The Day the Shark Came for Us
It was supposed to be an ordinary morning out on the water. The sky was clear over the Gulf, a light breeze brushing the surface into gentle ripples. Our crew of five had set out before dawn, the smell of diesel and salt thick in the air as the engine hummed its steady rhythm. By 7 a.m., we were already hauling in the first nets, heavy with mackerel and sardines — a good start to the day.
The sea was calm — deceptively calm.
Mateo, our youngest deckhand, leaned over the rail to untangle a fish snagged in the net. He was laughing, soaked to the elbows, when we all heard it — a splash too big to be a wave. I turned just in time to see a dark, powerful shadow slicing through the blue water, right beside the hull.
“Shark!” someone shouted.

The word cut through the sound of the waves like a blade. Mateo jerked back, but too late. The shark lunged, its dorsal fin breaking the surface — a massive shape, maybe three meters long. It hit the side of the boat with terrifying force, rocking us so hard the tackle boxes clattered across the deck.
Mateo fell to the floor, screaming. The shark’s jaws snapped just where his arm had been seconds earlier, the teeth flashing white in the sunlight. The water churned red for a moment — not from a bite, but from a cut on his hand where the hook tore his skin as he scrambled back.
The captain gunned the engine, trying to move the boat away. But the shark wasn’t finished. It circled us, slamming against the hull again and again, as if trying to tip us over. Every few seconds, we caught glimpses of its tail cutting the surface — powerful, relentless.
“Get the gaffs! Keep it off!” yelled Marco, the first mate. We grabbed whatever we could — poles, nets, even a bucket — banging on the metal to scare it away. The noise echoed across the open water.
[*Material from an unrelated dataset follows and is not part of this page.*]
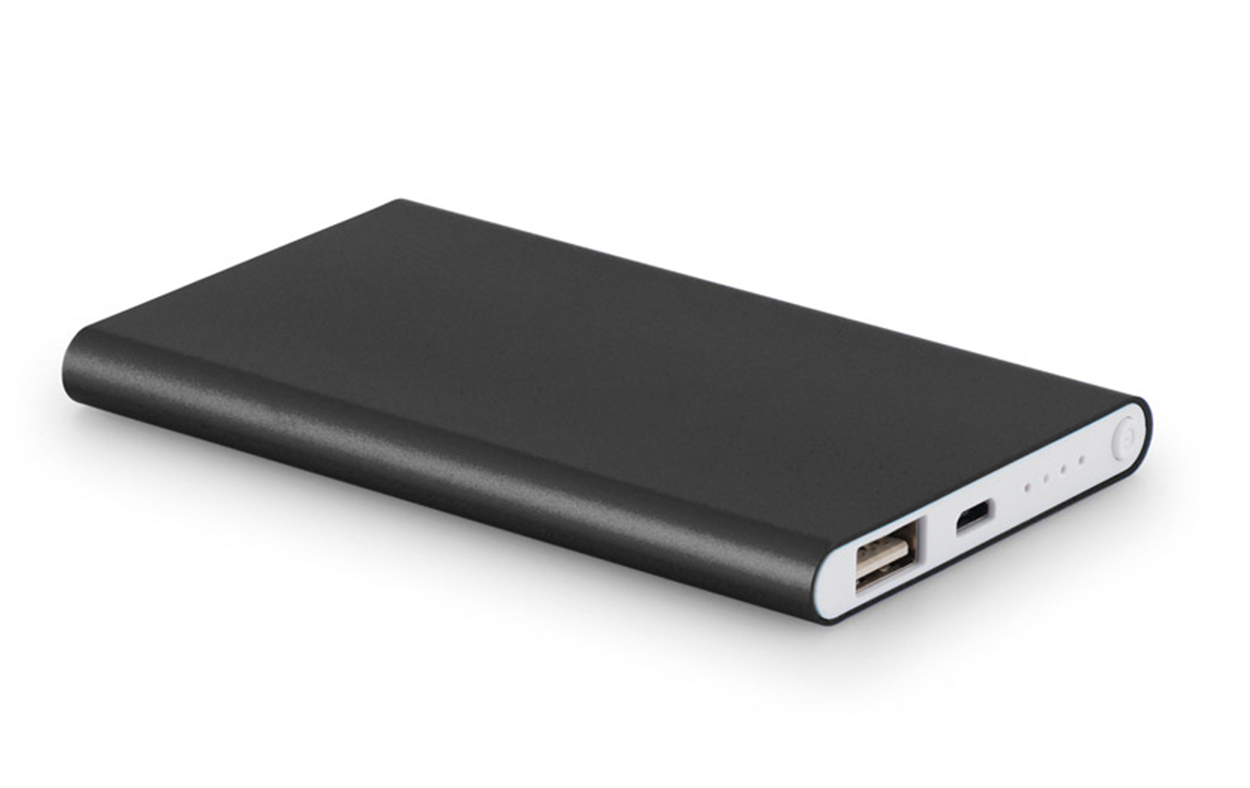 Power Bank de aluminio con batería de polímero de litio. Cuenta con una capacidad de 4000 mAh y una vida útil de mas de 500 ciclos. Tiene una entrada de 5V/1A, salida de 5V/1A y LED con indicador de carga. Dispone de 2 puertos USB para poder cargar mas de un celular. Incluye un cable USB/micro USB para cargar la batería y es suministrado en una caja de regalo
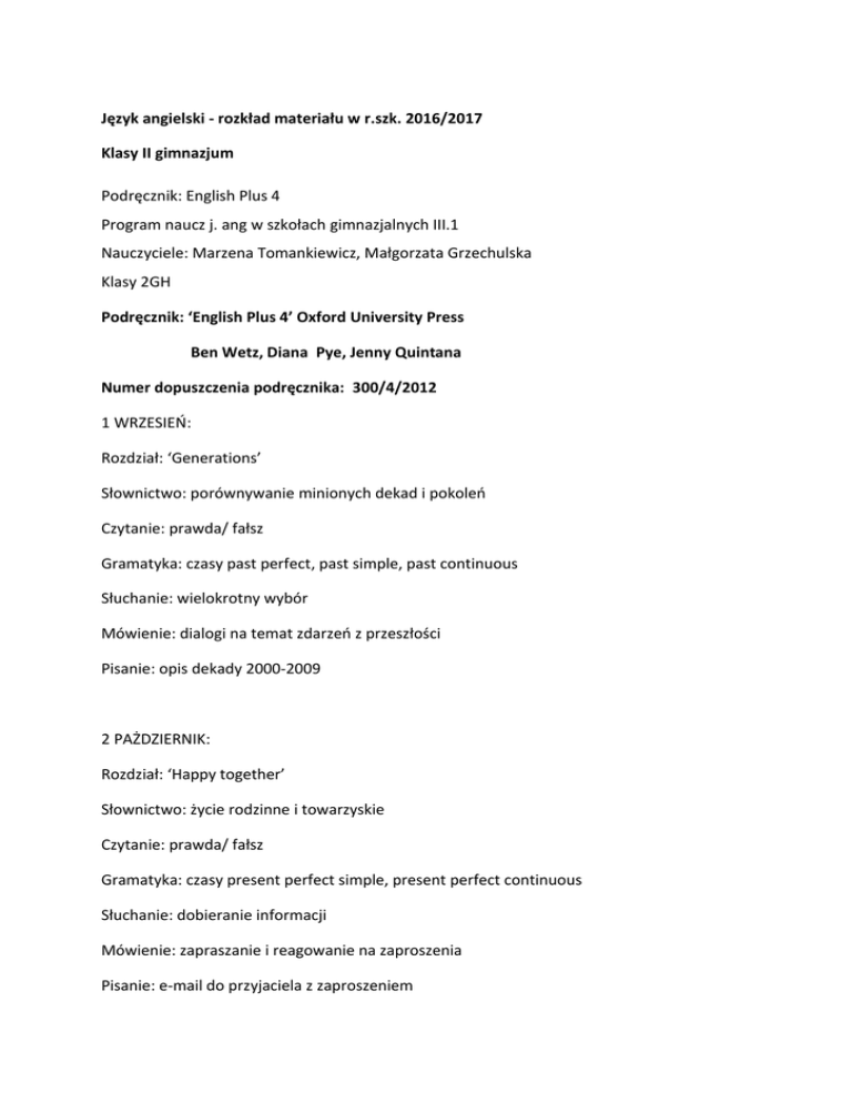 Język angielski - rozkład materiału w r.szk. 2016/2017 Klasy II gimnazjum Podręcznik: English Plus 4 Program naucz j. ang w szkołach gimnazjalnych III.1 Nauczyciele: Marzena Tomankiewicz, Małgorzata Grzechulska Klasy 2GH Podręcznik: ‘English Plus 4’ Oxford University Press Ben Wetz, Diana Pye, Jenny Quintana Numer dopuszczenia podręcznika: 300/4/2012 1 WRZESIEŃ: Rozdział: ‘Generations’ Słownictwo: porównywanie minionych dekad i pokoleń Czytanie: prawda/ fałsz Gramatyka: czasy past perfect, past simple, past continuous Słuchanie: wielokrotny wybór Mówienie: dialogi na temat zdarzeń z przeszłości Pisanie: opis dekady 2000-2009 2 PAŻDZIERNIK: Rozdział: ‘Happy together’ Słownictwo: życie rodzinne i towarzyskie Czytanie: prawda/ fałsz Gramatyka: czasy present perfect simple, present perfect continuous Słuchanie: dobieranie informacji Mówienie: zapraszanie i reagowanie na zaproszenia Pisanie: e-mail do przyjaciela z zaproszeniem 3 LISTOPAD / GRUDZIEŃ: Rozdział: ‘Health matters’ Słownictwo: zdrowie Czytanie: słowotwórstwo Gramatyka: czasowniki modalne Słuchanie: ćwiczenie pytań Mówienie: wymiana opinii Pisanie: rozprawka 4 STYCZEŃ / LUTY: Rozdział 4: ‘Let’s go’ Słownictwo: podróżowanie i turystyka Gramatyka: wyrazanie przyszłosci za pomocą czasów present simple, present continuons, future simple i konstrukcji ‘be going to’ Słuchanie: wielokrotny wybór Mówienie: pytanie i udzielanie informacji Pisanie: e-mail do przyjaciela opisujący plany na weekend 5 MARZEC: Rozdział: ‘Image and identity’ Słownictwo: człowiek, wygląd, moda Czytanie: dobieranie Gramatyka: zaimki zwrotne, strona czynna i bierna Słuchanie: dobieranie Mówienie: zakupy w sklepie odzieżowym Pisanie: list formalny(reklamacja), notatka 6 KWIECIEŃ: Rozdział: ‘A perfect world’ Słownictwo: życie społeczne i polityczne Czytanie: dobieranie Gramatyka: pierwszy i drugi tryb warunkowy Słuchanie: dobieranie Mówienie: wyrażanie życzeń i żalu Pisanie: rozprawka, zaproszenie 7 MAJ: Rozdział: ‘Ups and downs’ Słownictwo: człowiek, cechy charakteru, uczucia Czytanie: wielokrotny wybór Gramatyka: trzeci tryb warunkowy, zdania przydawkowe Słuchanie: wielokrotny wybór Mówienie: wyrażanie współczucia Pisanie: list do przyjaciela 8 CZERWIEC: Rozdział: ‘Honestly’ Słownictwo: życie rodzinne i towarzyskie Czytanie: dobieranie Gramatyka: mowa zależna-zmiana czasów, pytania pośrednie Słuchanie: dobieranie Mówienie: opisywanie zdarzeń (wyjaśnianie, co zaszło) Pisanie: opowiadanie, wiadomość

Then, just as suddenly as it came, the shark disappeared. The ocean went still again — eerily still. Only the smell of salt and fear hung in the air.
We stayed frozen for a full minute before anyone spoke. Mateo was shaking, his face pale. “It came out of nowhere,” he whispered. “Like it knew we were here.”
When we finally made it back to shore that afternoon, nobody said much. We unloaded the catch in silence, each of us glancing at the water, half-expecting that fin to rise again.
The sea has its moods — that’s what every fisherman learns. But that day, we learned something else too: out there, you’re only ever a guest in someone else’s world.